What to work on: Each record should be given again exactly, and any picture in it left out.

(Records from a data collection)
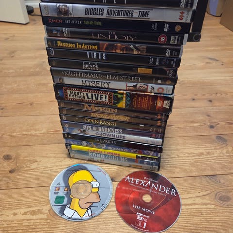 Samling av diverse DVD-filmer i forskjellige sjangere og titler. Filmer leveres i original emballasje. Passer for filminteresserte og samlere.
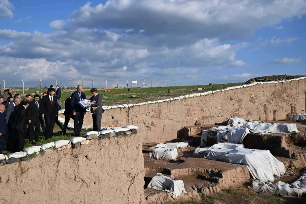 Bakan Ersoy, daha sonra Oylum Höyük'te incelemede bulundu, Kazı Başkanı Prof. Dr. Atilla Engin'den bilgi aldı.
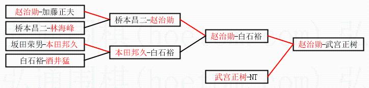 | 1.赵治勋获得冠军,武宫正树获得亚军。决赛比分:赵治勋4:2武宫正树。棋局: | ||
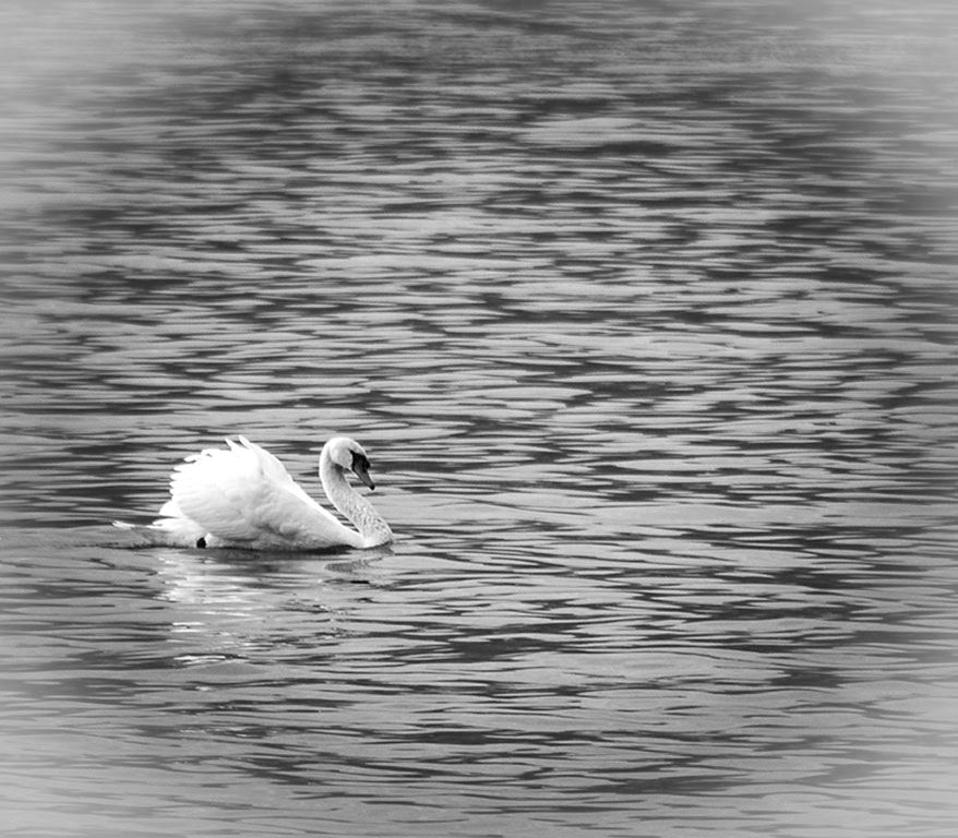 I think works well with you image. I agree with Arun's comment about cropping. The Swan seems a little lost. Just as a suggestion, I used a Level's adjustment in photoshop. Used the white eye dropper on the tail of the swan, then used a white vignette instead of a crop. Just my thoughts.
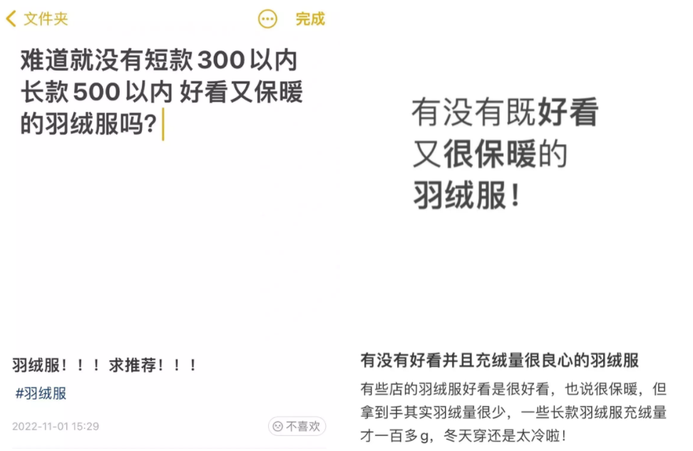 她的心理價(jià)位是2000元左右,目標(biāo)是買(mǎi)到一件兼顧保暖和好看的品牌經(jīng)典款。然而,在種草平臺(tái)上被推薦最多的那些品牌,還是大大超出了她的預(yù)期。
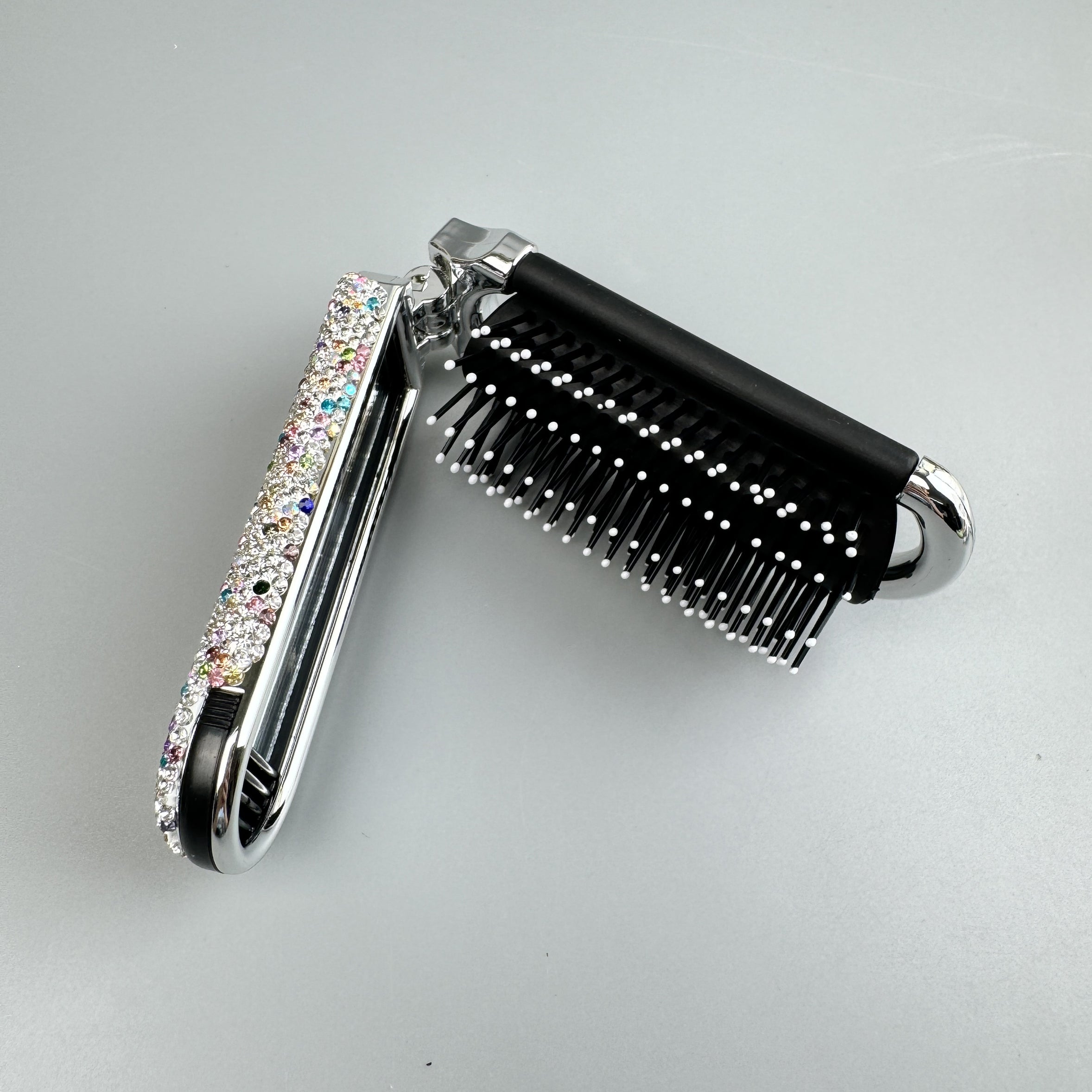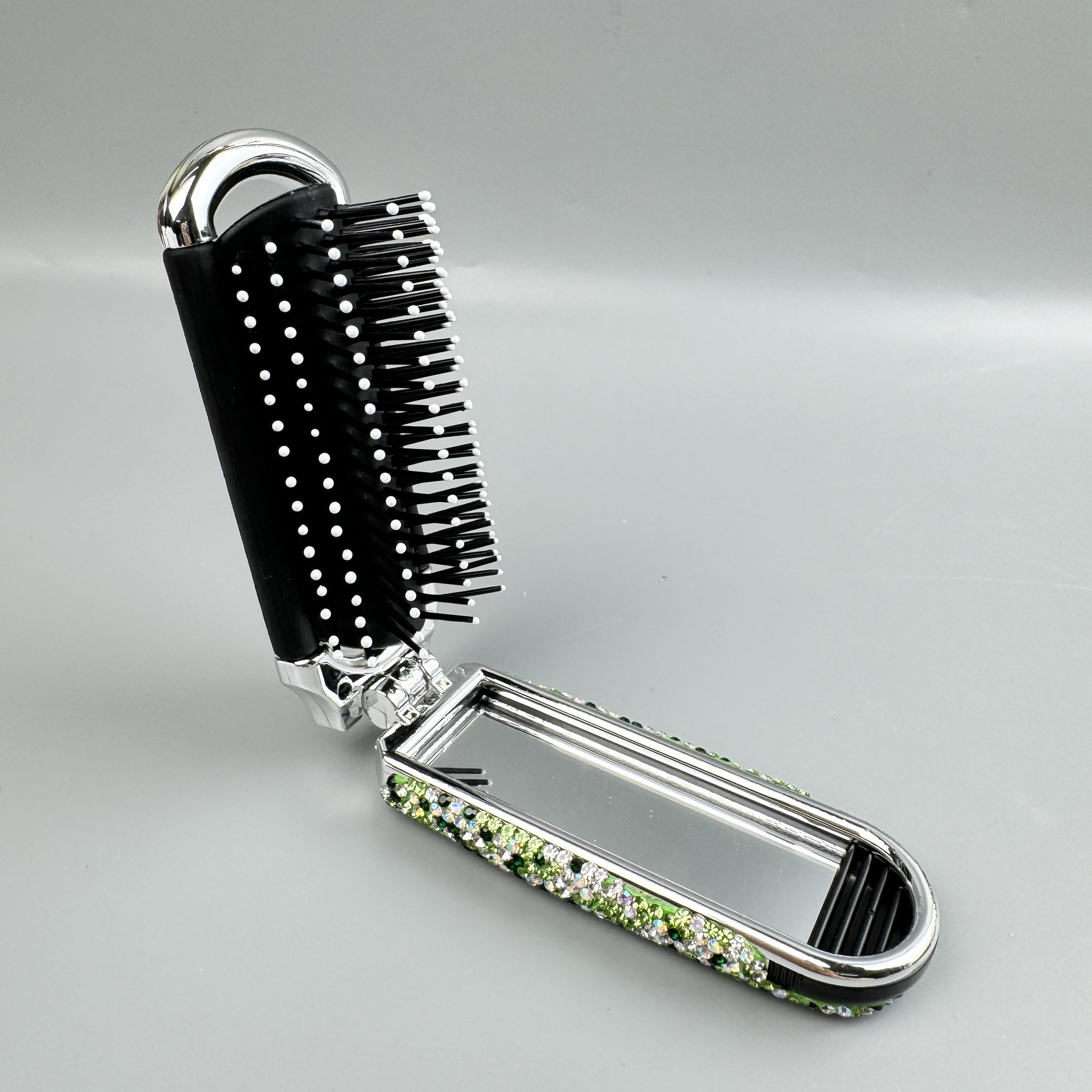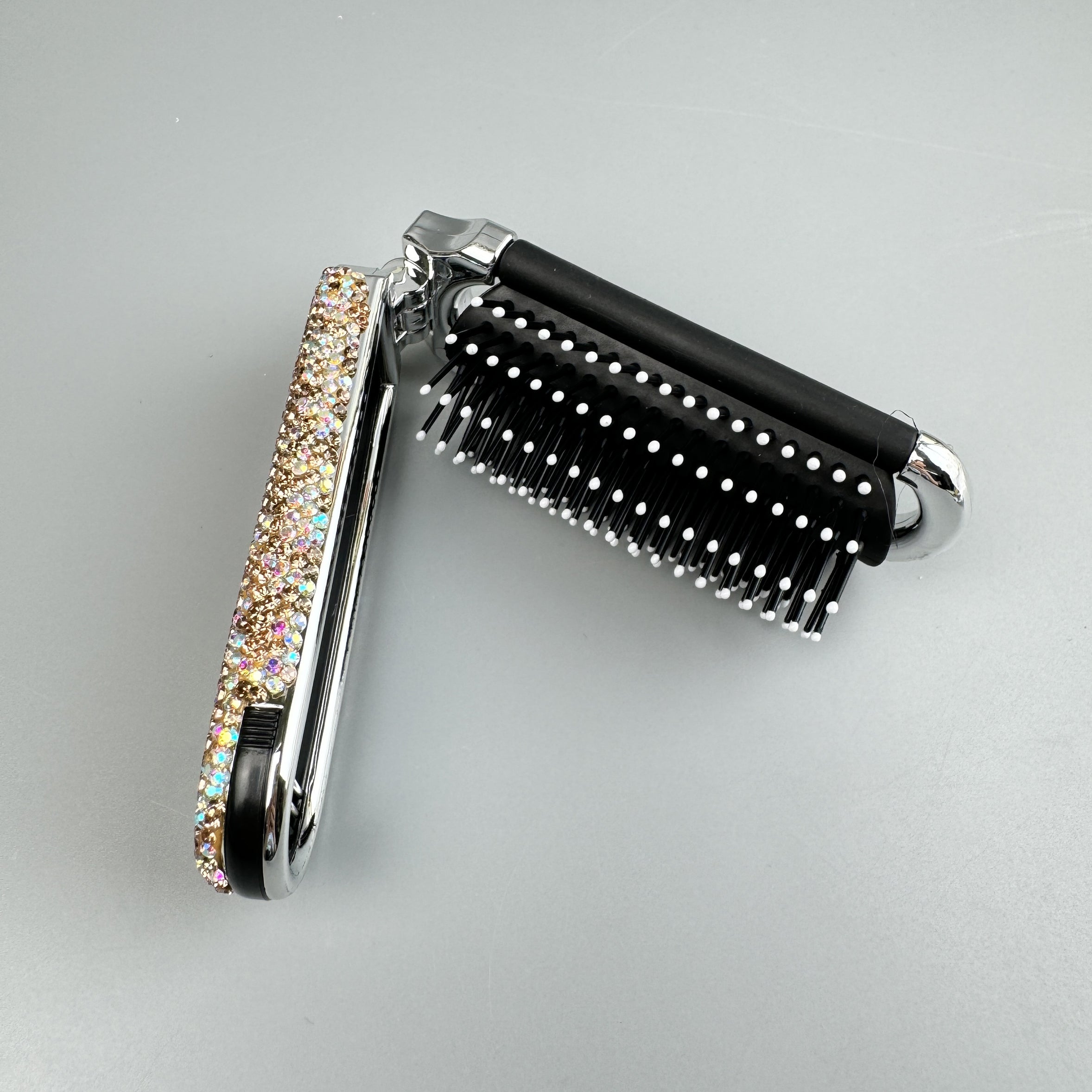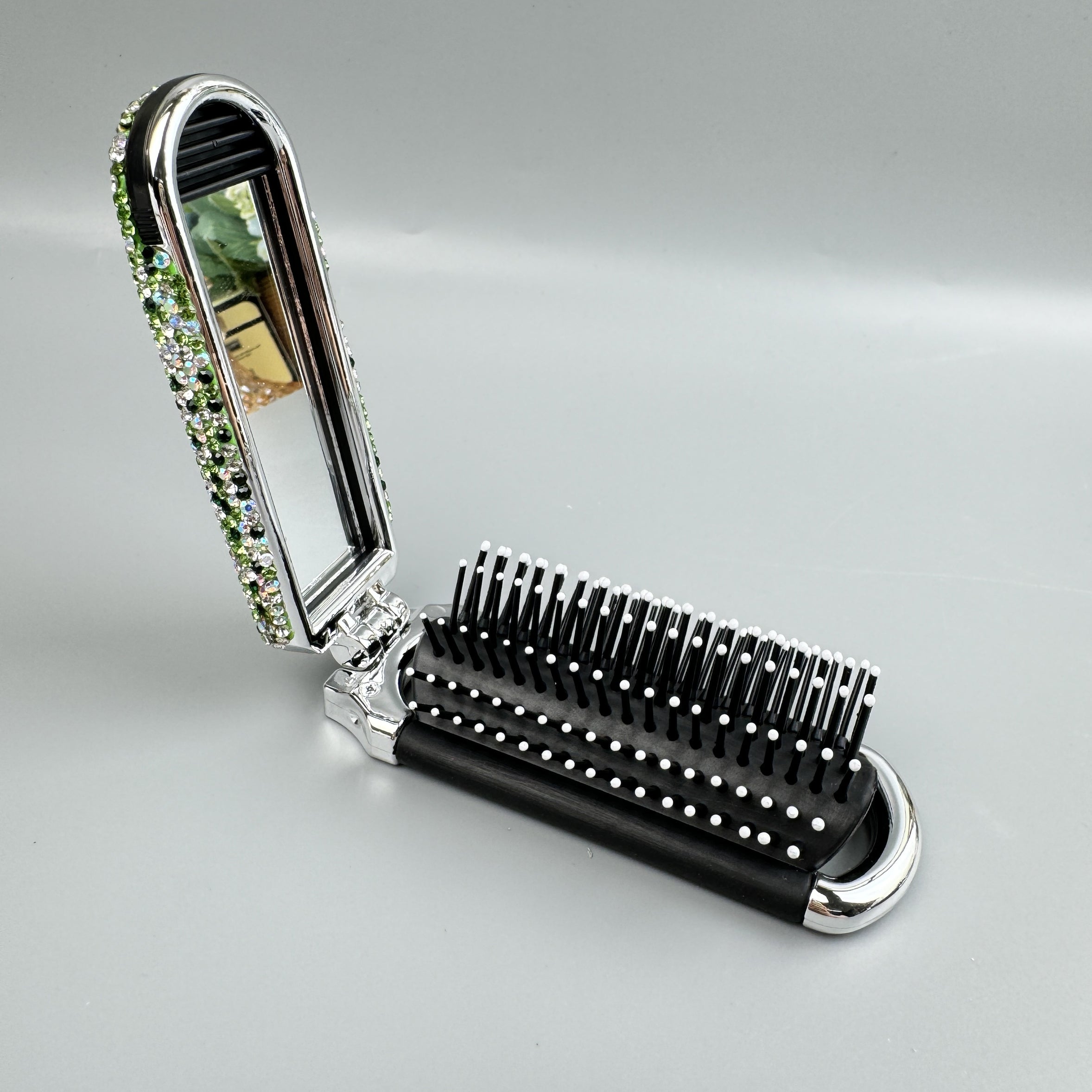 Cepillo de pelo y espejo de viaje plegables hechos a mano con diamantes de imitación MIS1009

Output for this task:
 Samling av diverse DVD-filmer i forskjellige sjangere og titler. Filmer leveres i original emballasje. Passer for filminteresserte og samlere.
 Bakan Ersoy, daha sonra Oylum Höyük'te incelemede bulundu, Kazı Başkanı Prof. Dr. Atilla Engin'den bilgi aldı.
 | 1.赵治勋获得冠军,武宫正树获得亚军。决赛比分:赵治勋4:2武宫正树。棋局: | ||
 I think works well with you image. I agree with Arun's comment about cropping. The Swan seems a little lost. Just as a suggestion, I used a Level's adjustment in photoshop. Used the white eye dropper on the tail of the swan, then used a white vignette instead of a crop. Just my thoughts.
 她的心理價(jià)位是2000元左右,目標(biāo)是買(mǎi)到一件兼顧保暖和好看的品牌經(jīng)典款。然而,在種草平臺(tái)上被推薦最多的那些品牌,還是大大超出了她的預(yù)期。
 Cepillo de pelo y espejo de viaje plegables hechos a mano con diamantes de imitación MIS1009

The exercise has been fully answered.